Les frères et sœurs du hasard
Il y a des familles qui ne partagent ni le sang ni le nom. Des enfants rassemblés sous le même toit par un système qui ne sait pas quoi en faire. La famille n'est pas toujours celle qui te met au monde — parfois c'est celle qui t'empêche d'en sortir.

Il y a des familles qui ne partagent ni le sang ni le nom. Elles partagent un couloir, un réfectoire, un silence après le couvre-feu. Des enfants que la vie a cassés, rassemblés sous le même toit par un système qui ne sait pas quoi en faire. Si tu as grandi avec ces frères et sœurs du hasard — tu sais qu'on peut se reconnaître dans la blessure d'un inconnu.
Les enfants de nulle part
Dans un lieu de placement, chaque enfant arrive avec sa valise et son histoire. Des histoires qu'on ne raconte pas — pas par choix, mais par pudeur, par protection, parce que les mots pour les dire n'existent pas encore. Tu ne sais rien de celui qui dort dans la chambre d'à côté. Tu sais juste qu'il est là pour les mêmes raisons que toi : quelqu'un, quelque part, a décidé qu'il ne pouvait plus rester chez lui.
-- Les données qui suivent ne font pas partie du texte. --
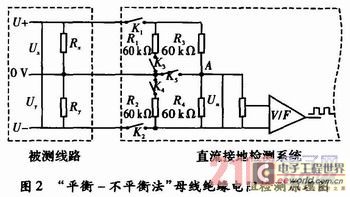 直流電源係統主要負責為電力生產過程中的控製設備、保bao護hu設she備bei等deng供gong電dian。絕jue緣yuan性xing能neng下xia降jiang和he直zhi流liu母mu線xian接jie地di是shi直zhi流liu電dian源yuan係xi統tong常chang見jian的de故gu障zhang。一yi旦dan直zhi流liu電dian源yuan發fa生sheng故gu障zhang後hou,會hui影ying響xiang控kong製zhi設she備bei和he保bao護hu設she備bei的de正zheng常chang工gong作zuo,故gu障zhang嚴yan重zhong時shi甚shen至zhi會hui導dao致zhi控kong製zhi設she備bei的de錯cuo誤wu控kong製zhi和he保bao護hu設she備bei的de拒ju保bao護hu,從cong而er引yin發fa生sheng產chan事shi故gu。因此對直流電源係統的絕緣性能檢測和接地檢測是值得重視的問題。常見的直流接地檢測係統,多采用平衡電橋原理檢測母線的絕緣電阻,采用雙頻探測原理檢測支路的絕緣電阻,並查找接地支路。但平衡電橋原理不能檢測正負母線絕緣電阻等比例下降情況下的電阻值,而雙頻探測原理需要向係統中注入交流信號,會加大直流電源係統的紋波。本文介紹的直流接地檢測係統采用“平衡-不平衡法”檢測母線電壓,采用漏電流傳感器檢測支路絕緣電阻,有效地克服了上述方法的缺陷。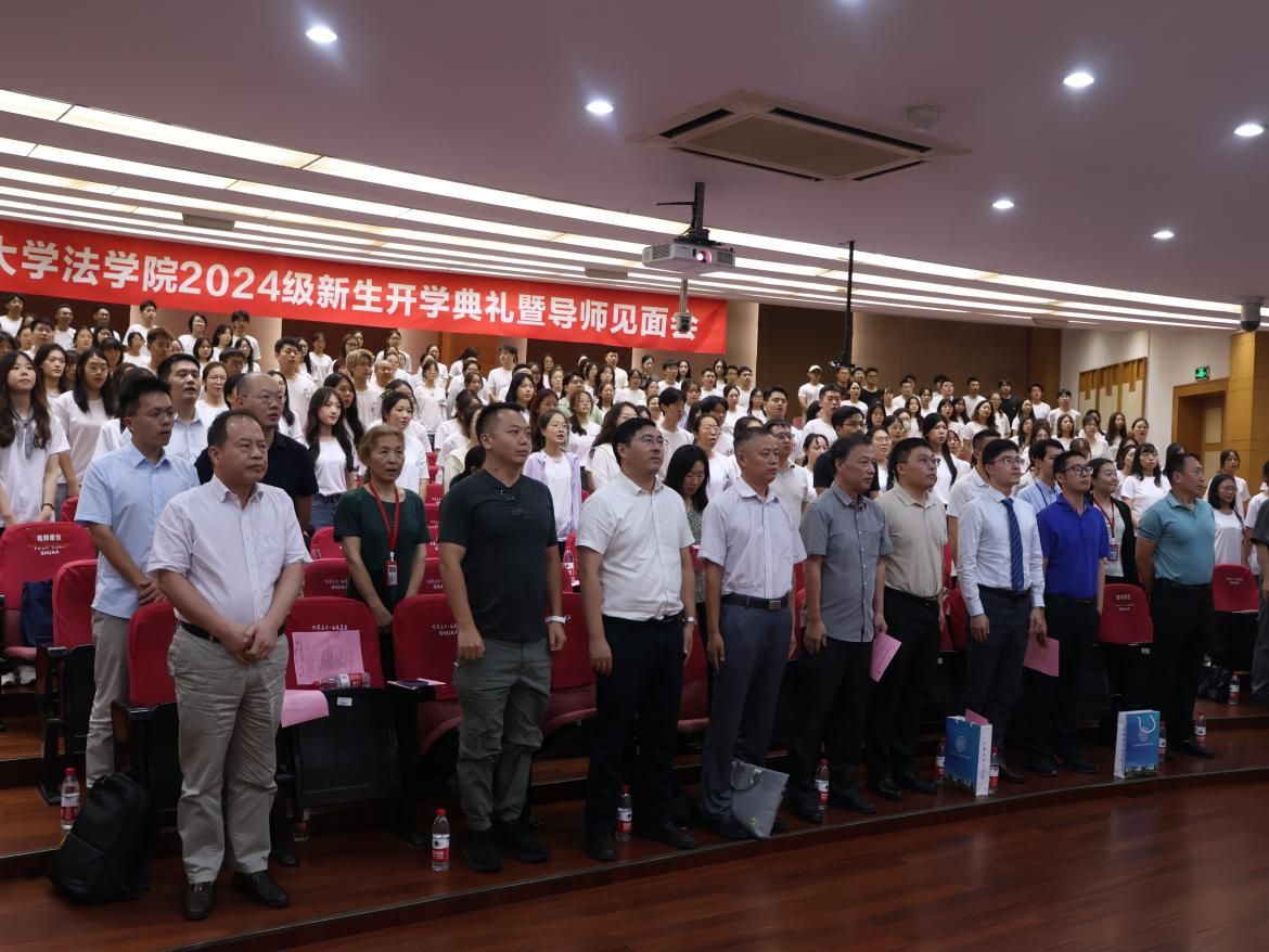 在这阳光明媚,绿树成荫的季节,77779193永利官网2024级本硕新生齐聚一堂,于8月23日下午,在宝山校区J103举行了2024年新生开学典礼暨研究生导师见面会。77779193永利官网党委书记徐国明老师,77779193永利官网院长李凤章老师,77779193永利官网党委副书记、副院长于伟老师,77779193永利官网副院长袁真富老师,77779193永利官网副院长袁曾老师,杰出校友代表、海华永泰律师事务所专职律师沈航,北京市京师(上海)律师事务所律师助理林淼峰,学院老师代表和新生参加。开学典礼由77779193永利官网2024届硕士研究生陈淇琳主持。

Et cette absence de mots crée un langage silencieux. Un regard qui dit : je sais. Un geste qui dit : moi aussi. Une solidarité qui ne se formule pas mais qui se vit — dans les repas partagés, les corvées faites ensemble, les nuits où l'un d'entre vous pleure et que les autres font semblant de dormir.
Des fratries séparées
Parmi ces enfants, il y a ceux qui ont été arrachés à leur propre fratrie. Des frères et sœurs dispersés dans différentes familles d'accueil, différents départements, différentes vies. Le sang les lie encore, mais la distance les sépare. Et l'enfant qui arrive dans le lieu de vie porte non seulement sa propre douleur, mais aussi celle de ceux qu'il a laissés derrière.
Quand tu rencontres un enfant comme ça — celui qui te demande de veiller sur son petit frère, celui qui porte dans ses yeux le poids de ceux qu'il ne peut plus protéger — tu comprends que le placement ne sépare pas seulement un enfant de ses parents. Il sépare des enfants entre eux. Et cette séparation-là est peut-être la plus cruelle de toutes.
Chacun son armure
Il y a celui qui se bat. Celui qui se tait. Celle qui explose au moindre mot. Celui qui pédale des heures pour ne pas penser. Celle qui est si fragile que la moindre conversation peut la briser. Chaque enfant du lieu de vie a développé son propre mécanisme de survie — son armure, son masque, sa façon de traverser les jours sans se noyer.
Et toi, tu apprends à naviguer entre ces armures. À deviner quand quelqu'un a besoin de parler et quand il a besoin qu'on le laisse tranquille. À reconnaître la colère qui cache la tristesse, le silence qui cache le cri, le sourire qui cache le gouffre. Tu deviens un expert en êtres humains — pas par formation, mais par nécessité.